Hunta
Dictionnaire Anglo-Saxon de Bosworth & Toller - hunta
Selon le Dictionnaire Anglo-Saxon :
an;
- hunta
- m. A hunter :-- Hunta venator, Ælfc. Gr. 36; Som. 38, 43; Wrt. Voc. 73, 43. Ǽnne cræft ic cann. Hunta ic eom unam artem scio. Venator sum, Coll. Monast. Th. 21, 1-6: 22, 27. Wé lǽraþ ðæt preóst ne beó hunta ne hafecere we enjoin that a priest be not a hunter nor a hawker [cf. Chaucer's Monk: 'He ȝaf nat of that text a pulled hen, That seith, that hunters been noon holy men'], L. Edg.
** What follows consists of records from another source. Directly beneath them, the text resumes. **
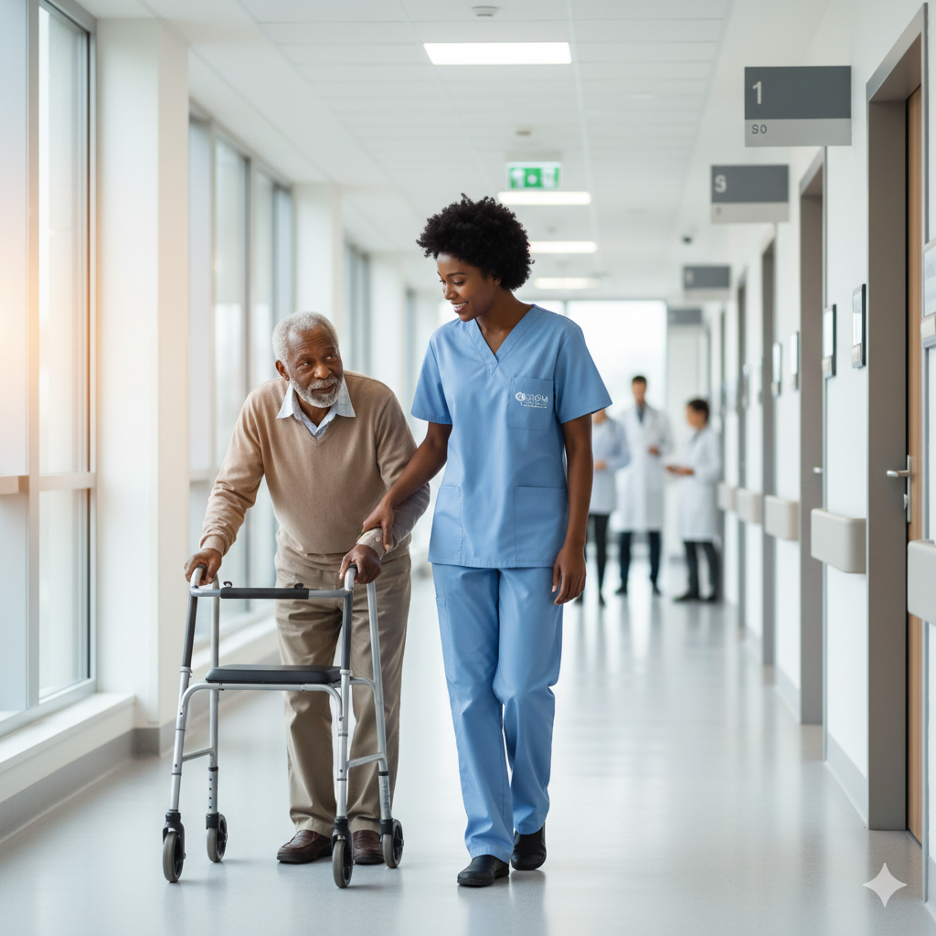 Certified nurses offering 24/7 companionship, monitoring, mobility support, and hospital escort services within Uganda and abroad.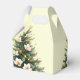 This favor gift box is printed on with a single Christmas tree in green. Festive text of Merry Christmas wraps around the box on ivory color background with small decorative gold stars.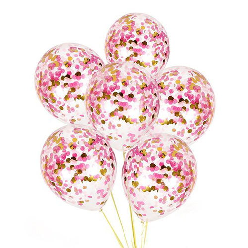 בלונים שקופים במילוי קונפטי ורוד זהב מבריק במראה יוקרתי ושמח.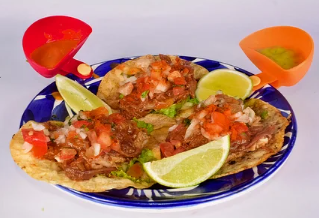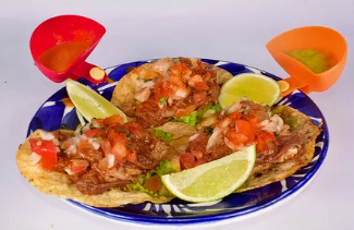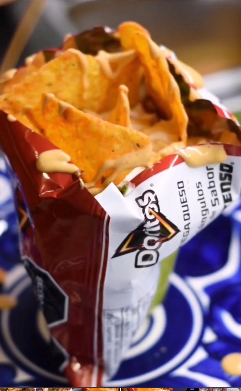 Doritos, proteina a elección (carne o pollo) maicitos, lechuga, pico de gallo, guacamole y salsa de la casa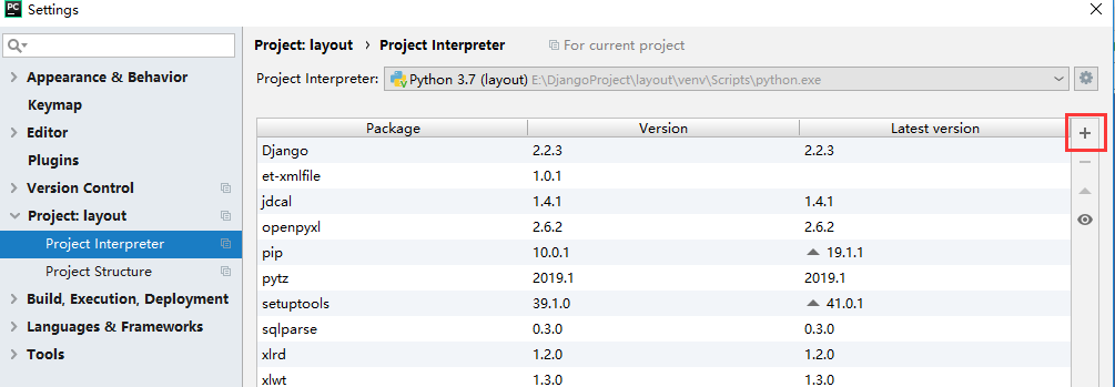 使用之前需要先安装,windows上如果直接在cmd中运行python则需要先执行pip3 install xlrd和pip3 install xlwt,如果使用pycharm则需要在项目的解释器中安装这两个模块,File-Settings-Project:layout-Project Interpreter,点击右侧界面的+号,然后搜索xlrd和xlwt,然后点击Install Package进行安装。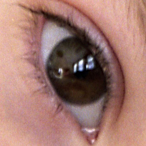 My cheap film scanner will scan a 6cm x 6cm negative at over 10,000 pixels across one side. That’s over 50 megapixels. There are a few digital backs and medium format-style digital cameras that can shoot 50 megapixel images, but they cost over $20,000 USD. The image below is a 100% crop of the previous image. You can actually count how many windows were in room by using the reflection in her eye.

C. 64; Th. ii. 258, 7. Eal wéste búton ðǽr huntan gewícodon oððe fisceras, Ors. 1, 1; Swt. 17, 29. Wéste land bútan fiscerum and fugelerum and huntum, Swt. 17, 26. Bethsaida is gereht domus venatorum ðæt is huntena hús, Shrn. 78, 9. [Ðá són ðǽræfter ða sǽgon and hérdon fela men feole huntes hunten. Ða huntes wǽron swarte and micele and ládlíce, Chr. 1127; Erl. 256, 28. Laym. hunte; pl. hunten: Orm. hunnte: Chauc. hunte.]